According to the technical scheme provided by the embodiment, the data cube is created through the fact table and the associated dimension table, data pre-calculation is performed on all possible combinations of dimensions in the data cube, pre-calculation results are stored in the open source database, and calculation and storage of big data based on MOLAP can be achieved. Meanwhile, when a user inquires, the server can determine the inquiry result according to the corresponding pre-calculation result without writing SQL sentences and only by dragging dimensions and measurement in the page of the client, so that the data inquiry process is simplified, and the inquiry response speed is improved.
On the basis of the above embodiment, the cube creation module 701 includes: the data table creating unit is used for creating a corresponding fact table and a corresponding dimension table according to the table item requirements of the fact table and the dimension table in a preset data analysis model; the data import unit is used for importing the data in the external database into the fact table and the dimension table according to the table item requirements of the fact table and the dimension table; and the cube creating unit is used for creating the data cube by using the fact table and the dimension table according to metadata in the data analysis model, wherein the metadata is used for indicating attribute parameters and creating rules of the data cube.

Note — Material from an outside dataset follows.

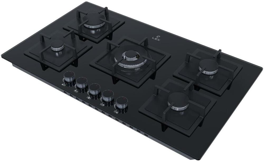 LEX Газовая варочная панель GVG 954 BBL, 5 конфорок, закаленное стекло, черный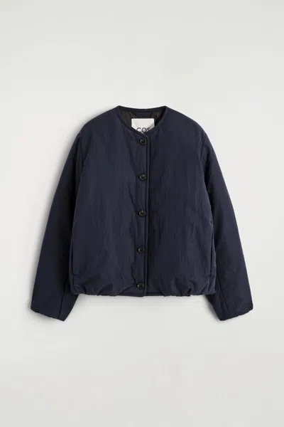 This modern liner jacket lends itself to effortless transitional styling. Lightly padded for warmth, this piece is made from a soft cotton blend and designed with practical pockets and a discreet elasticized hem and cuffs. The classic navy tone works in harmony with a neutral wardrobe. Regular fit. Button closure. Recycled polyamide is polyamide made from textile waste in production Shell: 78% Cotton, 22% Recycled polyamide (Recycled nylon). Lining and padding: 100% Recycled polyester. Excluding trims / Machine wash Back length of size S is 23.58" COS Women's Padded Liner Jacket in Navy Cotton Size: Large Women > Womenswear > Coats & Jackets > Jackets

On the basis of the above embodiment, the pre-calculation module 702 includes: the pre-calculation task starting unit is used for starting a pre-calculation programming model task according to metadata in the data analysis model and reading data of all dimension tables and fact tables corresponding to the data cube; the combination unit is used for arranging and combining the dimensions of all the dimension tables to obtain all possible combinations including the empty sets; the aggregation unit is used for carrying out aggregation operation on the combination containing all dimensions according to a set aggregation rule to obtain an aggregation value; an input value determining unit for inputting a combination including all dimensions as a key value of the pre-calculation programming model and inputting an aggregation value as a key word of the pre-calculation programming model; the result generation unit is used for obtaining a new dimension combination and an aggregation value corresponding to the new dimension combination by utilizing the pre-calculation programming model; and the circulating unit is used for sequentially inputting the new dimension combination as a key value of the pre-calculation programming model, inputting the aggregation value corresponding to the new dimension combination as a key word of the pre-calculation programming model, and obtaining the new dimension combination and the aggregation value corresponding to the new dimension combination by using the pre-calculation programming model until all possible combinations and the aggregation values of all the possible combinations are obtained.
On the basis of the above embodiment, the saving module 703 includes: the table building unit is used for creating an open source database table for storing pre-calculation results; the storage task establishing unit is used for starting the storage programming model task and taking the pre-calculation result as the input of the storage programming model task; the file generating unit is used for generating a corresponding binary format file by using the storage programming model; the result import unit is used for importing the binary format file into the open source database table by using the bulk load of the open source database so as to realize the storage of the pre-calculation result in the open source database; and the relational storage unit is used for storing the corresponding relation between the pre-calculation result and the open source database table into the metadata of the data analysis model.
On the basis of the above embodiment, the table building unit includes: the capacity determining subunit is used for determining the capacity of a storage area set for the open source database table in the open source database; the quantity value determining subunit is used for determining the quantity value of the storage area required when the pre-calculation result is stored in the open source database table according to the size of the pre-calculation result; and the creating subunit is used for sending the quantity value to the open source database so that the open source database creates an open source database table for storing the pre-calculation result according to the quantity value.
On the basis of the above embodiment, the method further includes: and the management module is used for setting time at intervals and managing the metadata in the data cube and the data analysis model.
On the basis of the above embodiment, the method further includes: the statement acquisition module is used for analyzing the query request and converting the query request into a source database query statement when the query request sent by the client is acquired; the result query module is used for sending the starting database query statement to the starting database so as to call a pre-calculation result according to the starting database query statement and form a query result; and the result returning module is used for packaging the query result and returning the query result to the client so that the client responds to the query result.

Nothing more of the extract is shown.